- [DATASET]:
+++

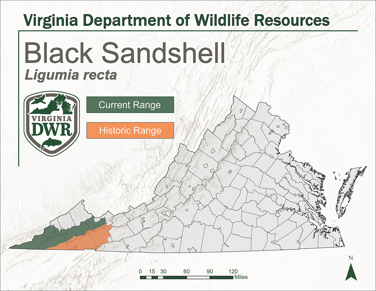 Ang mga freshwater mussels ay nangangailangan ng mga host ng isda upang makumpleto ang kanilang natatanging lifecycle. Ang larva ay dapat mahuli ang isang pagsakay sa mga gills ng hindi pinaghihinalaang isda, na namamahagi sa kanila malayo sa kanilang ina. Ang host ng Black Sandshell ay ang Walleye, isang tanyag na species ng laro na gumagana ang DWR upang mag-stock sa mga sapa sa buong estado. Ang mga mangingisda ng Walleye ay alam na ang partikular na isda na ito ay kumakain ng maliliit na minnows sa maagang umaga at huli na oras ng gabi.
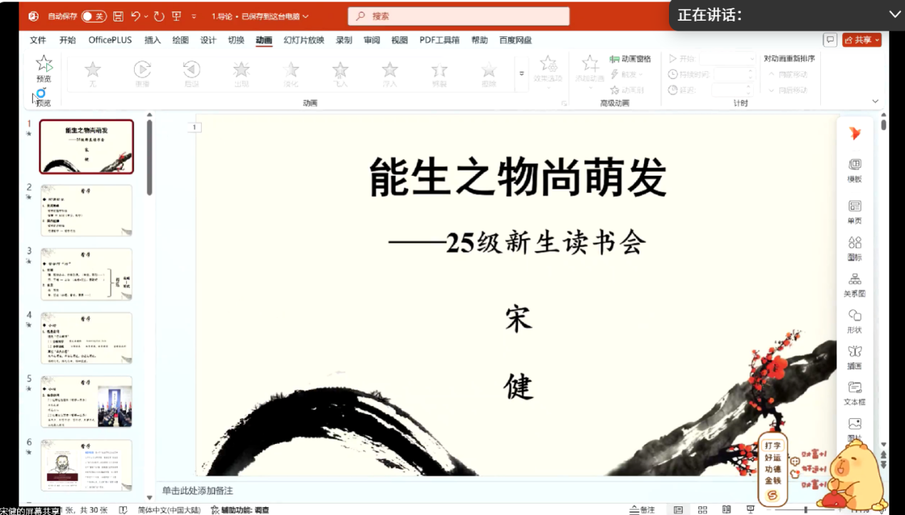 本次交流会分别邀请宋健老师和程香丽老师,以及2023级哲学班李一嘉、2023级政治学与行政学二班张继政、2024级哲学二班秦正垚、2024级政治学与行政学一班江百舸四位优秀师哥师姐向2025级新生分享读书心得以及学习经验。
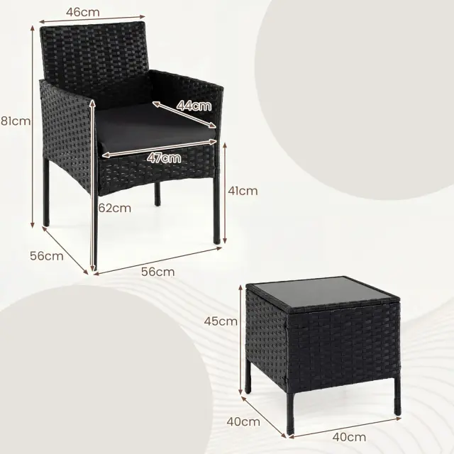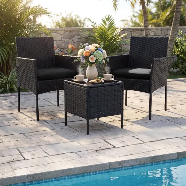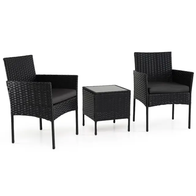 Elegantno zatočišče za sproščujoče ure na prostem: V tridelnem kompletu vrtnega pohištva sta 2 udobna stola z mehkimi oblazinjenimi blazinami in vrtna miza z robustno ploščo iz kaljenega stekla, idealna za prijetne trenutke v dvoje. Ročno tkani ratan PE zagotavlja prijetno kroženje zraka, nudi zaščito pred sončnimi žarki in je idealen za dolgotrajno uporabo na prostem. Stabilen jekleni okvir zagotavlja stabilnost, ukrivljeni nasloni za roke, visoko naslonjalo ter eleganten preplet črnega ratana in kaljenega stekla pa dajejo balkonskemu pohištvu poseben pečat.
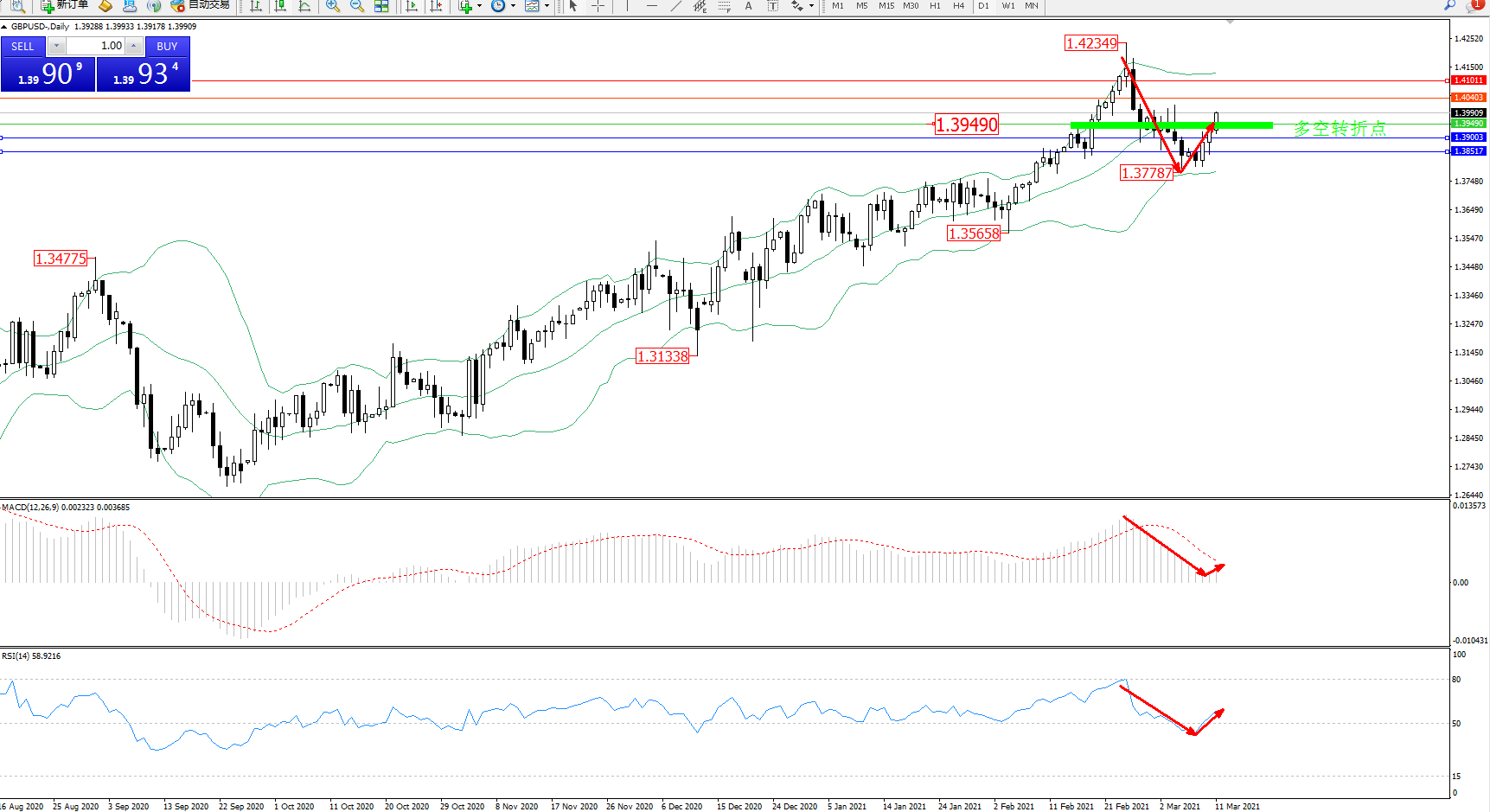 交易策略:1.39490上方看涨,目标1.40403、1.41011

+++

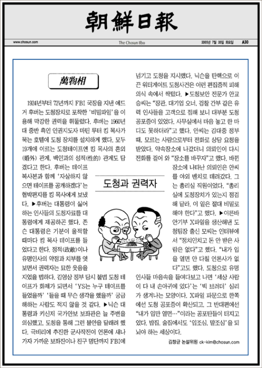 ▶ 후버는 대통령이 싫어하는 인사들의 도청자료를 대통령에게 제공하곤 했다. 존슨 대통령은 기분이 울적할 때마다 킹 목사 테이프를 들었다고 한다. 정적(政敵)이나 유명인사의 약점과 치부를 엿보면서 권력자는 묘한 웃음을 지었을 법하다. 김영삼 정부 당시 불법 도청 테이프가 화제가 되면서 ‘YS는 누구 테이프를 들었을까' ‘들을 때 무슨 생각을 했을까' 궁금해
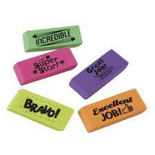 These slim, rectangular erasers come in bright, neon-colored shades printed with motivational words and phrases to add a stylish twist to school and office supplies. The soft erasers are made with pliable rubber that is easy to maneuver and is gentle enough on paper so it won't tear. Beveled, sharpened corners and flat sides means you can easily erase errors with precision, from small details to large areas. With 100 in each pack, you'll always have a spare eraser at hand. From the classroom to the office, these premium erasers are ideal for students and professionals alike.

+++

- [INSTRUCTIONS TO FOLLOW]: The material above holds pictures; leave them out. Repeat exactly the lines from the one containing "Ang mga freshwater" through the one containing "本次交流会分别邀请宋健老师和", and nothing else.

- [RESULT OF THE EXERCISE]:
 Ang mga freshwater mussels ay nangangailangan ng mga host ng isda upang makumpleto ang kanilang natatanging lifecycle. Ang larva ay dapat mahuli ang isang pagsakay sa mga gills ng hindi pinaghihinalaang isda, na namamahagi sa kanila malayo sa kanilang ina. Ang host ng Black Sandshell ay ang Walleye, isang tanyag na species ng laro na gumagana ang DWR upang mag-stock sa mga sapa sa buong estado. Ang mga mangingisda ng Walleye ay alam na ang partikular na isda na ito ay kumakain ng maliliit na minnows sa maagang umaga at huli na oras ng gabi.
 本次交流会分别邀请宋健老师和程香丽老师,以及2023级哲学班李一嘉、2023级政治学与行政学二班张继政、2024级哲学二班秦正垚、2024级政治学与行政学一班江百舸四位优秀师哥师姐向2025级新生分享读书心得以及学习经验。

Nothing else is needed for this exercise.